ITS GPU tracking
- General priorities:
- Focusing on porting all of what is possible on the device, extending the state of the art, and minimising computing on the host.
- Optimizations via intelligent scheduling and multi-streaming can happen right after.
- Kernel-level optimisations to be investigated.
- Neighbour finding ported: (#13636)
- We have our "first" non-deterministic effect due to the ranking of the Cells subject to concurrency ~per-mille.
- Deterministic mode implies now <<<1,1>>> settings to restore 1:1 coherence with CPU.
- Will leave it as it is for now; the overall impact and possible action will be evaluated once the porting is fully finalised.
- Cell finding ported: (#13653)
- no concurrence: deterministic out of the box.

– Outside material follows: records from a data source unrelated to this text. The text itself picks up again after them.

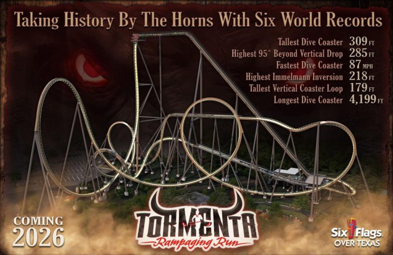 Six records du monde, c’est le palmarès affiché pour le futur coaster de Six Flags Over Texas ! Tormenta Rampaging Run sera en effet (et entre autres) le plus haut, le plus rapide, le plus long Dive Coaster au monde, ce qui en fait même un nouveau modèle : le Giga Dive Coaster !
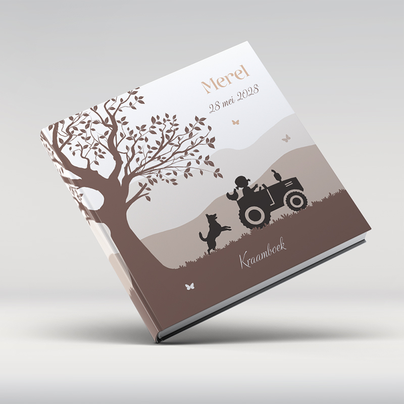 Vierkant kraamboek in roze met een silhouet van een tractor met een meisje achter het stuur.
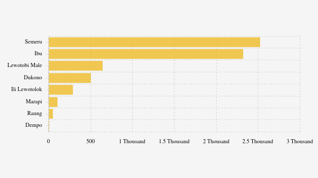 Throughout 2025, MAGMA Indonesia has recorded 6,425 volcanic eruptions across Indonesia. Mount Semeru in East Java had the most eruptions (2,522 times) while Mount Ibu erupted 2,318 times.
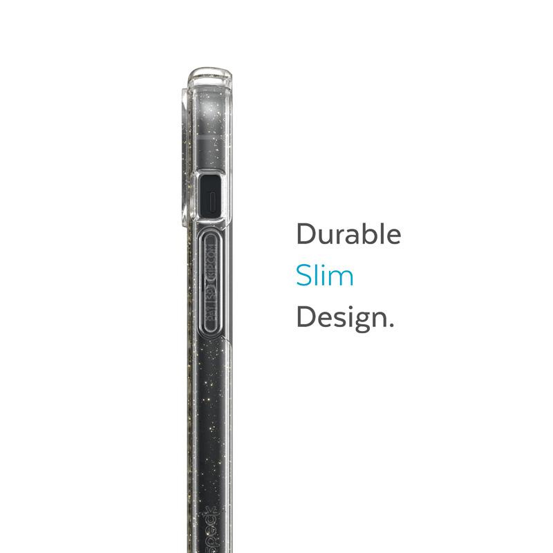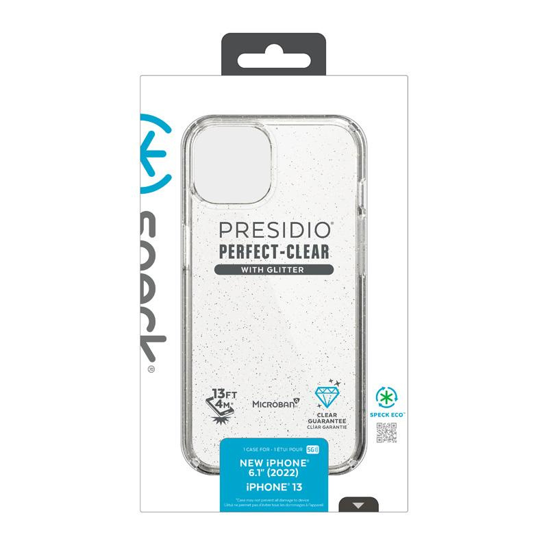 Speck Presidio Perfect-Clear with Glitter - Etui iPhone 14 / iPhone 13 z powłoką MICROBAN (Clear / Gold Glitter)
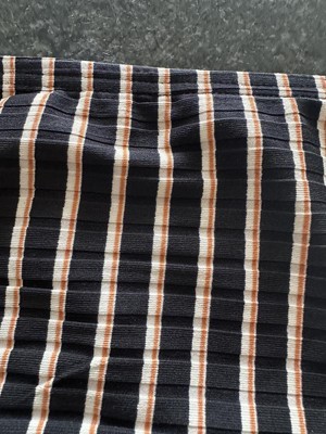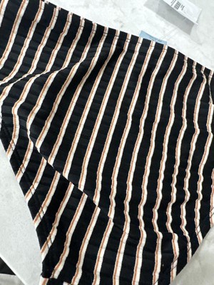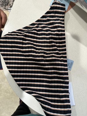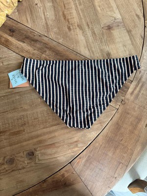 Ribbed cheeky bikini bottom. Has more coverage than the average bikini bottom. Black, orange and white vertical stripes. Cute with a solid top or matching bikini top. I ordered a large I’m a size 8 and it is a little bigger. Possibly size down.
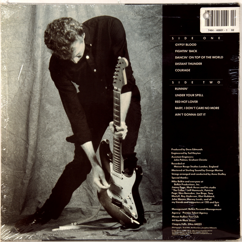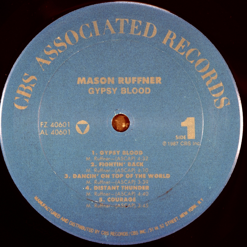 MASON RUFFNER-GYPSY BLOOD-1987-ПЕРВЫЙ ПРЕСС USA-COLUMBIA-FZ40601. Редкий оригинал американского блюзового гитариста Mason Ruffner. 1987 году выпустил Gypsy Blood, который был произведен Дэйвом Эдмундсом . альбом достиг № 80 в Billboard 200 .Сингл, "цыганская кровь" достиг № 11 в чарте Billboard Hot Mainstream Rock Tracks . Виниловая пластинка в топ состоянии- NMINT/ARCHIVE . Обложка матовая в топ состоянии с промо холом - NMINT/ARCHIVE Лейблы в топ состоянии- NMINT/ARCHIVE
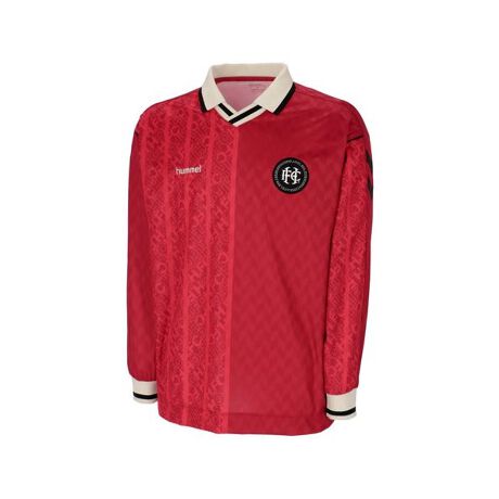 [型番:0321HAG303103]hummel FOOTBALL CULTUREを表現するライフスタイルカテゴリー。<br>1986年デンマーク代表のユニフォームを連想させる左右非対称のデザインに「H.FC」のタイポロゴを施したルーズシルエットのゲームシャツ。<br>シェブロン柄のジャガード素材やリブ衿を採用した、H.FCを象徴するアイテム。吸汗速乾。メーカー品番:HAG3031-233

- PbPb: 1.5x faster than CPU already, with single stream serialization+deterministic flags, factors more expected by multi-streaming on the different layers.
- TODO:
- Tracklet finding to be ported back: work in progress right now.
- Reproducer for HIP bug on multi-threaded track fitting: no progress yet.
- Move more of the track-finding tricky steps on GPU: no progress yet.
- Fix possible execution issues and known discrepancies when using
gpu-reco-workflow
: no progress yet; will start after the tracklet finding is ported.
DCAFitterGPU
- Deterministic approach via using
SMatrixGPU
on the host, under particular configuration: no progress yet.